Task input

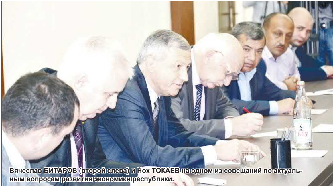
Вячеслав БИТАРОВ (второй слева) и Нох ТОКАЕВ на одном из совещаний по актуальным вопросам развития экономики республики.

Давно определился в понимании достижения успеха – иметь превосходство в знаниях. Для меня это есть определяющей ос-
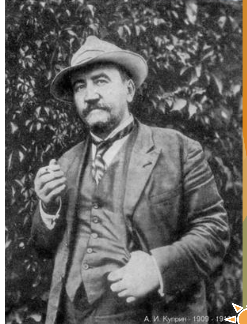
А. И. Куприн - 1909 - 1911

В 1890-е опубликовал очерк "Юзовский завод" и повесть "Молох", рассказы "Лесная глушь", "Оборотень", повести "Олеся" и "Кэт" ("Прапорщик армейский").
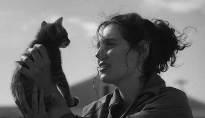
In dem Film „Sorry, Baby“ versucht eine junge Akademikerin, einen sexuellen Übergriff zu verarbeiten. Neu im Utopia.
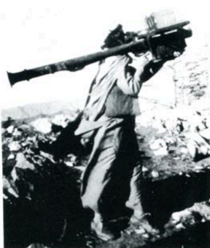
Afghanistan befriade sig från den sovjetiska ockupationsmakten. Det innebar inte att kriget tog slut. Här en afghansk kämpe från tiden för kriget mot Sovjet, med en amerikansk Stinger-robot på axeln.

Christer Arkefors C-J Charpentier: Afghanistan - landet på världens tak . Almqvist & Wiksell, Stockholm.
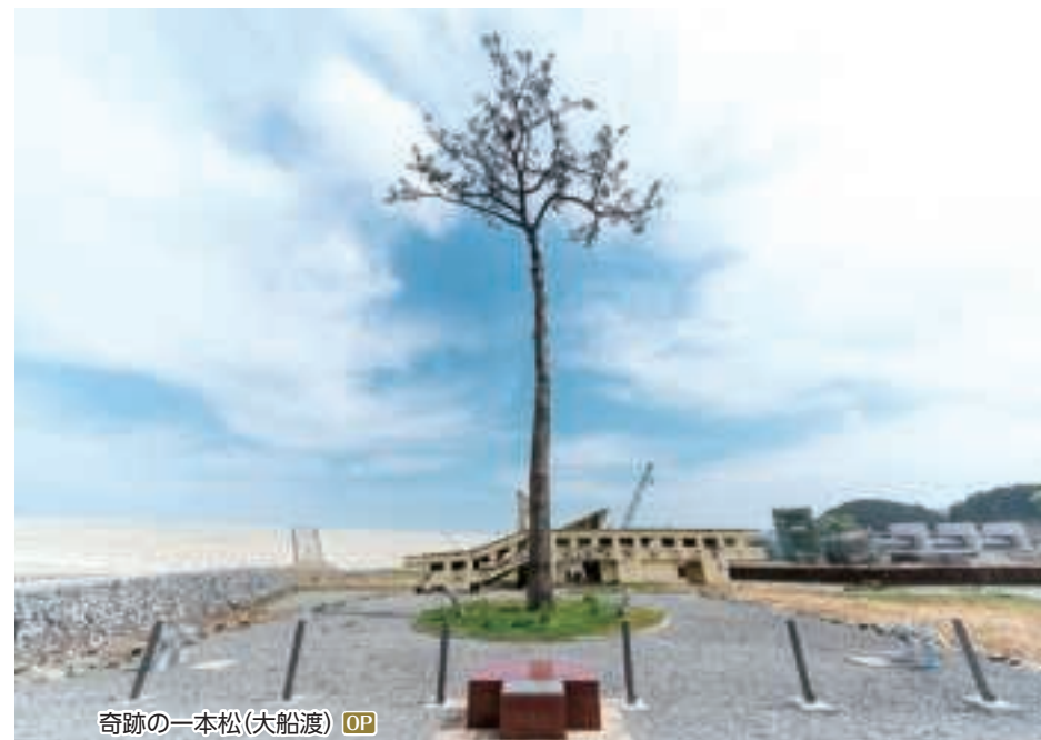
奇跡の一本松(大船渡) OP

OP 金華山特別祈禱と女川町の今を知る旅 ① 霊島 金華山黄金山神社(特別祈禱)、震災遺構旧女川交番、 シーバルピア女川、蒲鉾本舗高政(製造工程見学) ◆所要時間:約8時間 ◆お食事:昼食付

Problem details
Instructions for the copy: start at the first entry, stop after the line containing "В 1890-е опубликовал", keep every line exact, and drop the pictures.

Answer below
Вячеслав БИТАРОВ (второй слева) и Нох ТОКАЕВ на одном из совещаний по актуальным вопросам развития экономики республики.

Давно определился в понимании достижения успеха – иметь превосходство в знаниях. Для меня это есть определяющей ос-
А. И. Куприн - 1909 - 1911

В 1890-е опубликовал очерк "Юзовский завод" и повесть "Молох", рассказы "Лесная глушь", "Оборотень", повести "Олеся" и "Кэт" ("Прапорщик армейский").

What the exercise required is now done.